#### [EXERCISE DETAILS]
Without the pictures, set down every line of the data exactly.

#### [SUPPLIED INFORMATION]
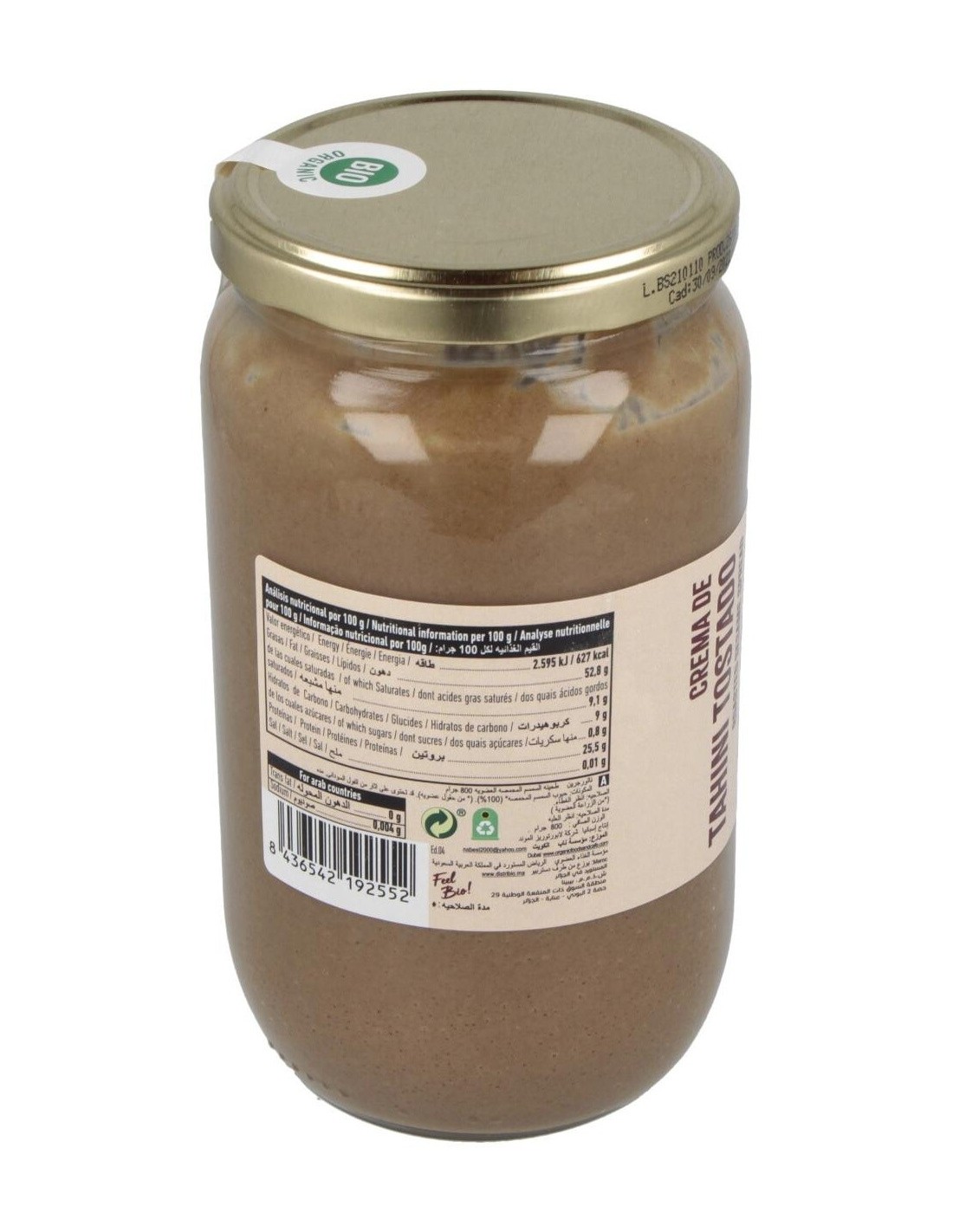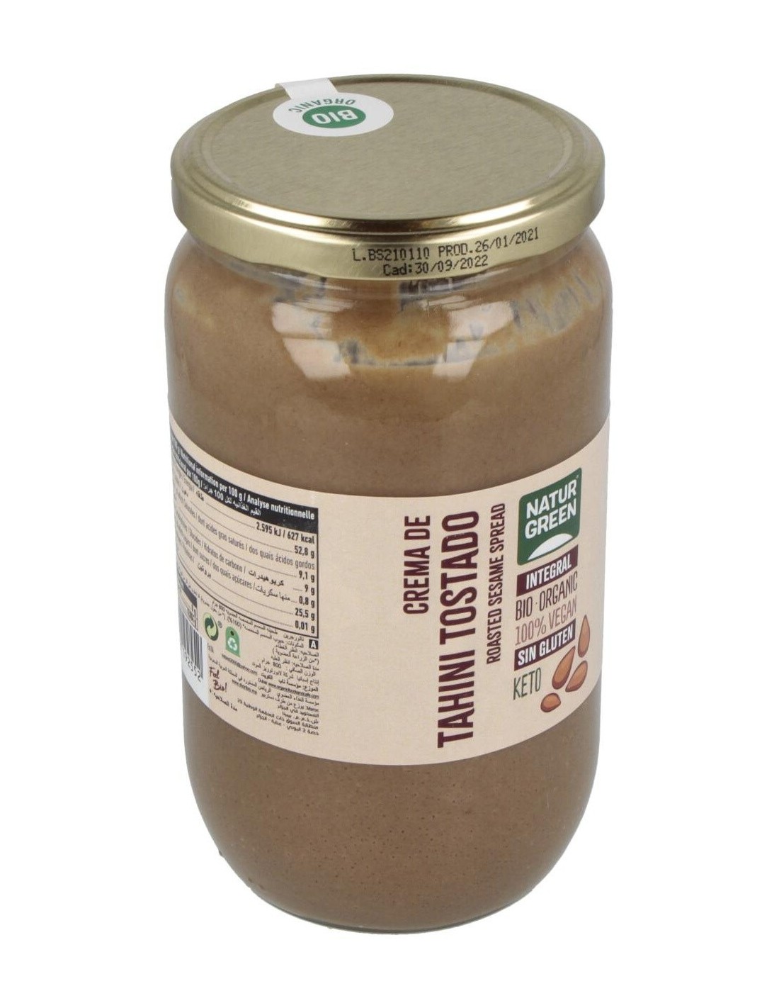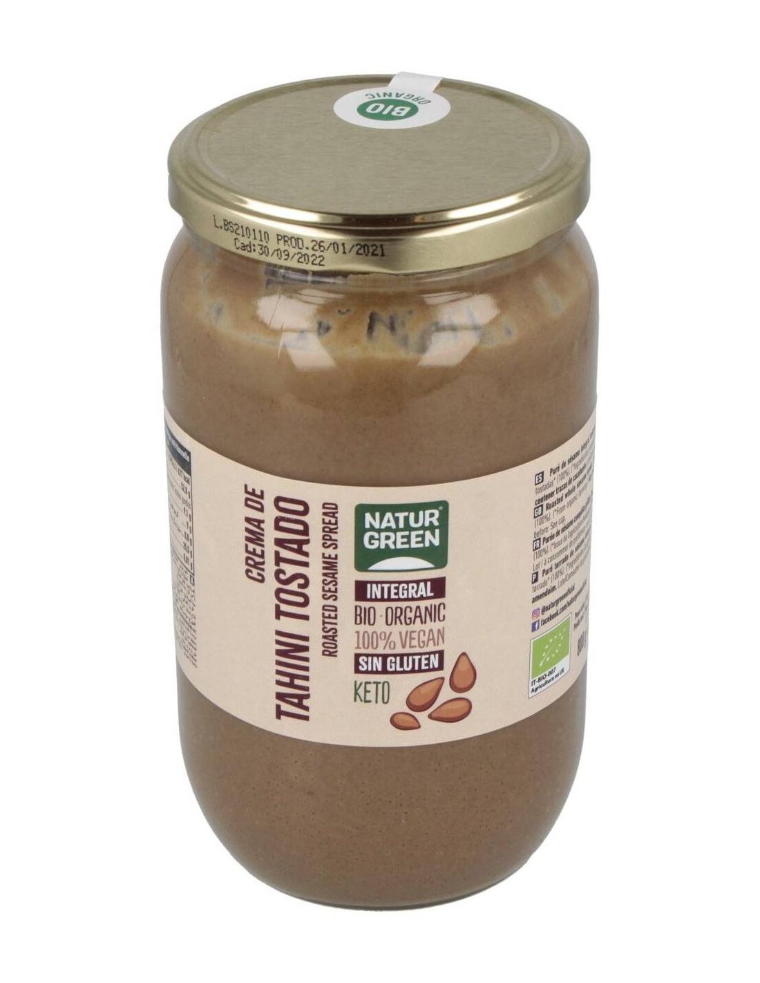 ¡Benefíciate de todas las propiedades del sésamo con Naturgreen Tahín Ecológico De Sésamo Tostado 800 G!
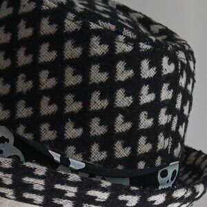 White Hearts on Black Wool Porkpie Hat with Skull Band NWT ~ Very Cute!
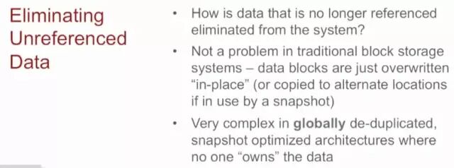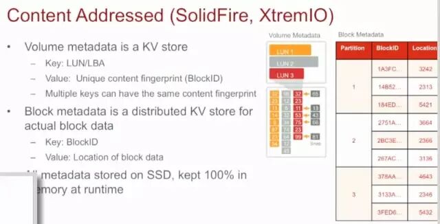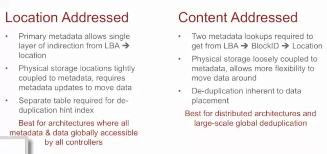 這是兩種尋址方式的對(duì)比。位置尋址只是單層映射,即LBA->位置,因此位置和元數(shù)據(jù)是緊耦合的關(guān)系,數(shù)據(jù)移動(dòng)需要更新元數(shù)據(jù),重刪實(shí)現(xiàn)需要附加的表格和索引。而內(nèi)容存儲(chǔ)方式采用兩層元數(shù)據(jù)映射LBA->塊ID->位置,物理位置和元數(shù)據(jù)是松耦合,靈活性更好,天然就支持重刪。位置尋址適合所有的控制器都可以全局訪問(wèn)元數(shù)據(jù)的架構(gòu),而內(nèi)容尋址適合大規(guī)模全局重刪和分布式架構(gòu)。

#### [SOLUTION TO THIS TASK]
 ¡Benefíciate de todas las propiedades del sésamo con Naturgreen Tahín Ecológico De Sésamo Tostado 800 G!
 White Hearts on Black Wool Porkpie Hat with Skull Band NWT ~ Very Cute!
 這是兩種尋址方式的對(duì)比。位置尋址只是單層映射,即LBA->位置,因此位置和元數(shù)據(jù)是緊耦合的關(guān)系,數(shù)據(jù)移動(dòng)需要更新元數(shù)據(jù),重刪實(shí)現(xiàn)需要附加的表格和索引。而內(nèi)容存儲(chǔ)方式采用兩層元數(shù)據(jù)映射LBA->塊ID->位置,物理位置和元數(shù)據(jù)是松耦合,靈活性更好,天然就支持重刪。位置尋址適合所有的控制器都可以全局訪問(wèn)元數(shù)據(jù)的架構(gòu),而內(nèi)容尋址適合大規(guī)模全局重刪和分布式架構(gòu)。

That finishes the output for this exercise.